• [HOW TO COMPLETE THIS TASK]:
Starting at the line that has "Ookay Hardware: Your" and stopping after the line that has "面對醫(yī)療健康賽道爆紅", reproduce the listing below exactly; omit everything else.

Start of TASK MATERIAL

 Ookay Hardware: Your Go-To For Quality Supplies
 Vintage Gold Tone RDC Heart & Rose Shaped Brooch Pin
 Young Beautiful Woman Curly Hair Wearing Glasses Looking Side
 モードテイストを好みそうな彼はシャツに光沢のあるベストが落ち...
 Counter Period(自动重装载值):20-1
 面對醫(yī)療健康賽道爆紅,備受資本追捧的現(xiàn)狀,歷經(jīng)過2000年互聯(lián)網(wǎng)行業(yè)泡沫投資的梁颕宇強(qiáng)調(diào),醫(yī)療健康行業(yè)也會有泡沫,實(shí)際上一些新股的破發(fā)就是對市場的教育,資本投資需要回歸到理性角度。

End of TASK MATERIAL
Start of TASK MATERIAL

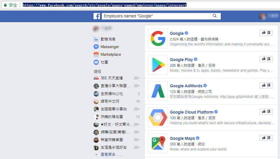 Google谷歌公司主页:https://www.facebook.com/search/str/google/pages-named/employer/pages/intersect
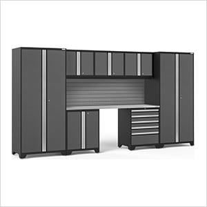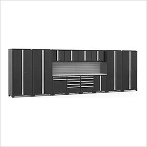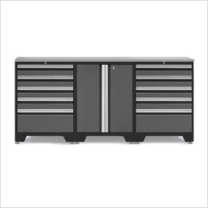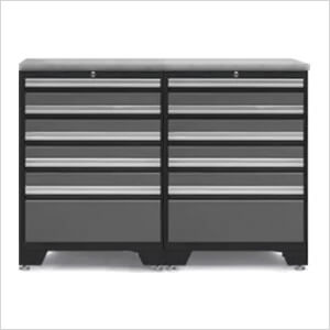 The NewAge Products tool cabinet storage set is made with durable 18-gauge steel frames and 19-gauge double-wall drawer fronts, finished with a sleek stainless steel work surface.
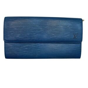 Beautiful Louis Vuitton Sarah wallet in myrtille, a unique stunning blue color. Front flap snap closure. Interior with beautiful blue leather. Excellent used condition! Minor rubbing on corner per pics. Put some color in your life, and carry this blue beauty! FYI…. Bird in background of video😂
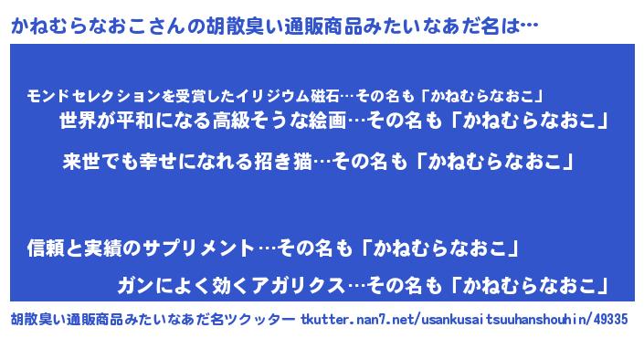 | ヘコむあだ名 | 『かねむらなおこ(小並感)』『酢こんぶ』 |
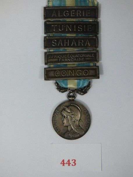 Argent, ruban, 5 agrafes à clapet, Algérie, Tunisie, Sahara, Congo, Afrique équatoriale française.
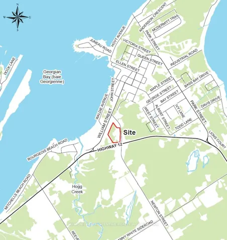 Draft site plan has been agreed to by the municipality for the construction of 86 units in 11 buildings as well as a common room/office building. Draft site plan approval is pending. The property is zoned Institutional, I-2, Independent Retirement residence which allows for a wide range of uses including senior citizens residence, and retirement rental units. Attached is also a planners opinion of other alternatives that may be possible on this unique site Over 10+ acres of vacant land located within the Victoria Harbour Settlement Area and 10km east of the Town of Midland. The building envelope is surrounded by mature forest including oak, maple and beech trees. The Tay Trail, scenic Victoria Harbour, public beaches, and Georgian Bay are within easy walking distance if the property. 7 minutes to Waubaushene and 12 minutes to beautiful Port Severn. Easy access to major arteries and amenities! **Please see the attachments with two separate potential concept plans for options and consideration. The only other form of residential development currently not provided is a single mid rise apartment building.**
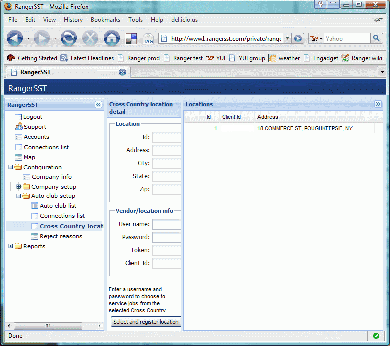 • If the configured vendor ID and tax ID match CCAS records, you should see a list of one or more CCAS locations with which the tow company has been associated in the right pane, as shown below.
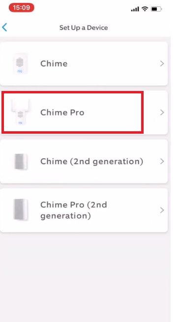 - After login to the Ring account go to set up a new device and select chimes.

End of TASK MATERIAL
Start of TASK MATERIAL

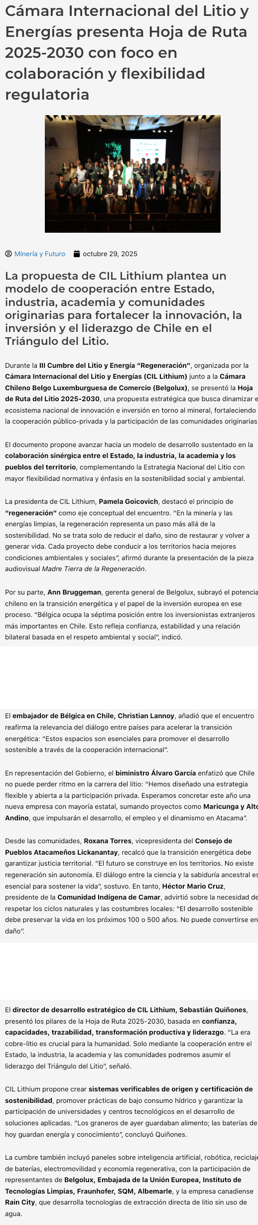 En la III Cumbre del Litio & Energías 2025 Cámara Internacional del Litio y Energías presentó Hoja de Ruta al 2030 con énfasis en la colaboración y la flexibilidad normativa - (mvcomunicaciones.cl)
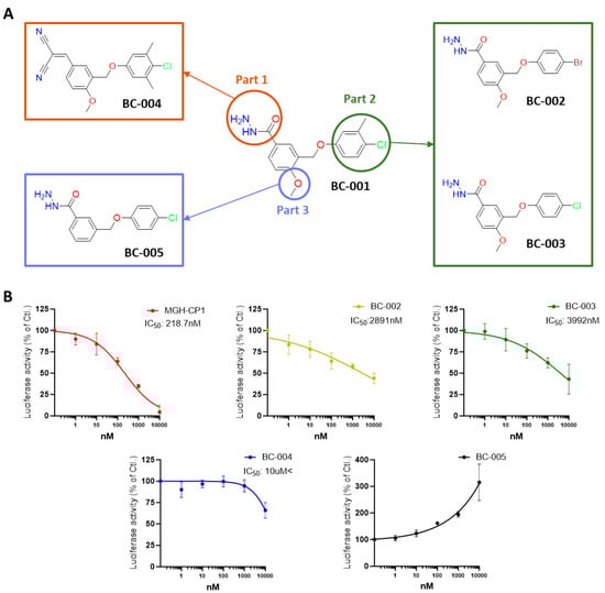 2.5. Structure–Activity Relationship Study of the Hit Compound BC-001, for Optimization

End of TASK MATERIAL

• [WRITTEN SOLUTION]:
 Ookay Hardware: Your Go-To For Quality Supplies
 Vintage Gold Tone RDC Heart & Rose Shaped Brooch Pin
 Young Beautiful Woman Curly Hair Wearing Glasses Looking Side
 モードテイストを好みそうな彼はシャツに光沢のあるベストが落ち...
 Counter Period(自动重装载值):20-1
 面對醫(yī)療健康賽道爆紅,備受資本追捧的現(xiàn)狀,歷經(jīng)過2000年互聯(lián)網(wǎng)行業(yè)泡沫投資的梁颕宇強(qiáng)調(diào),醫(yī)療健康行業(yè)也會有泡沫,實(shí)際上一些新股的破發(fā)就是對市場的教育,資本投資需要回歸到理性角度。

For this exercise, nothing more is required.